== MATERIAL FOR THE TASK ==

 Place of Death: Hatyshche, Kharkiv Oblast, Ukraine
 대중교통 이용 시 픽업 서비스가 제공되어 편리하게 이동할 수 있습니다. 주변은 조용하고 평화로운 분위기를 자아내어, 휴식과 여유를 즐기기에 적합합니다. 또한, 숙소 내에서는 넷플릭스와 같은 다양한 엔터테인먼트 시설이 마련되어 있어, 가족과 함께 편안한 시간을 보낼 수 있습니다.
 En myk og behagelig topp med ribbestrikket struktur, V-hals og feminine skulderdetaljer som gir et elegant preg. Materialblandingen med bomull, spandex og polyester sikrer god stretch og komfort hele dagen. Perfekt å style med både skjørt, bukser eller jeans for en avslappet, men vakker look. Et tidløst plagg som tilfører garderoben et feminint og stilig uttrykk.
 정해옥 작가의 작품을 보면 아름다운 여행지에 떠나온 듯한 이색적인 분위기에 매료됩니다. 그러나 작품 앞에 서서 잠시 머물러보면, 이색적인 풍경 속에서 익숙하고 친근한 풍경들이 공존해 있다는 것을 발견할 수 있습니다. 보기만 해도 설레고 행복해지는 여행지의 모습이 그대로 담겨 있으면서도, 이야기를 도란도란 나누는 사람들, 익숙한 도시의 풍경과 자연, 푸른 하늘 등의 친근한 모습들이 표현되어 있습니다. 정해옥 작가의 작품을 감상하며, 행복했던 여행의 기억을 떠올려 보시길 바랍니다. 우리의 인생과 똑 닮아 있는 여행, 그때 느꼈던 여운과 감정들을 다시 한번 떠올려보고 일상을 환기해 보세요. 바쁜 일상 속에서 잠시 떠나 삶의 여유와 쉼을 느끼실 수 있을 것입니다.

===
== MATERIAL FOR THE TASK ==

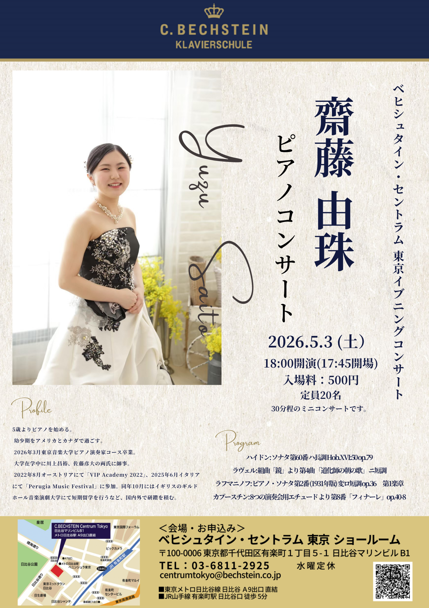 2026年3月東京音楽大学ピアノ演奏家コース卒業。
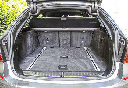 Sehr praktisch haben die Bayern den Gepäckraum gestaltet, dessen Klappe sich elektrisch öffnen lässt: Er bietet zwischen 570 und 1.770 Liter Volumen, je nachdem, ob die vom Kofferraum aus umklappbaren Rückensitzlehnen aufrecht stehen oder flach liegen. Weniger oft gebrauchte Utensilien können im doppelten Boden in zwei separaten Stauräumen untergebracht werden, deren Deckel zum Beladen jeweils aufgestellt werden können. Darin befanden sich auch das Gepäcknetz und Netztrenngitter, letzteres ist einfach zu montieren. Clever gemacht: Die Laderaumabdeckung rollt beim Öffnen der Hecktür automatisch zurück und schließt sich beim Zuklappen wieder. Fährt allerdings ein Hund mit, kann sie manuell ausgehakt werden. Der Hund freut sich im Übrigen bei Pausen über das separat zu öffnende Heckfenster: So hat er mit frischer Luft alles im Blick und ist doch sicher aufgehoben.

===

WHAT IS NEEDED:
While skipping the pictures, transcribe the data above from the line showing "2026年3月東京音楽大学ピアノ演奏家コース卒業。" through the line showing "Sehr praktisch haben", exactly and with both ends.

SOLUTION TO THIS EXERCISE:
 2026年3月東京音楽大学ピアノ演奏家コース卒業。
 Sehr praktisch haben die Bayern den Gepäckraum gestaltet, dessen Klappe sich elektrisch öffnen lässt: Er bietet zwischen 570 und 1.770 Liter Volumen, je nachdem, ob die vom Kofferraum aus umklappbaren Rückensitzlehnen aufrecht stehen oder flach liegen. Weniger oft gebrauchte Utensilien können im doppelten Boden in zwei separaten Stauräumen untergebracht werden, deren Deckel zum Beladen jeweils aufgestellt werden können. Darin befanden sich auch das Gepäcknetz und Netztrenngitter, letzteres ist einfach zu montieren. Clever gemacht: Die Laderaumabdeckung rollt beim Öffnen der Hecktür automatisch zurück und schließt sich beim Zuklappen wieder. Fährt allerdings ein Hund mit, kann sie manuell ausgehakt werden. Der Hund freut sich im Übrigen bei Pausen über das separat zu öffnende Heckfenster: So hat er mit frischer Luft alles im Blick und ist doch sicher aufgehoben.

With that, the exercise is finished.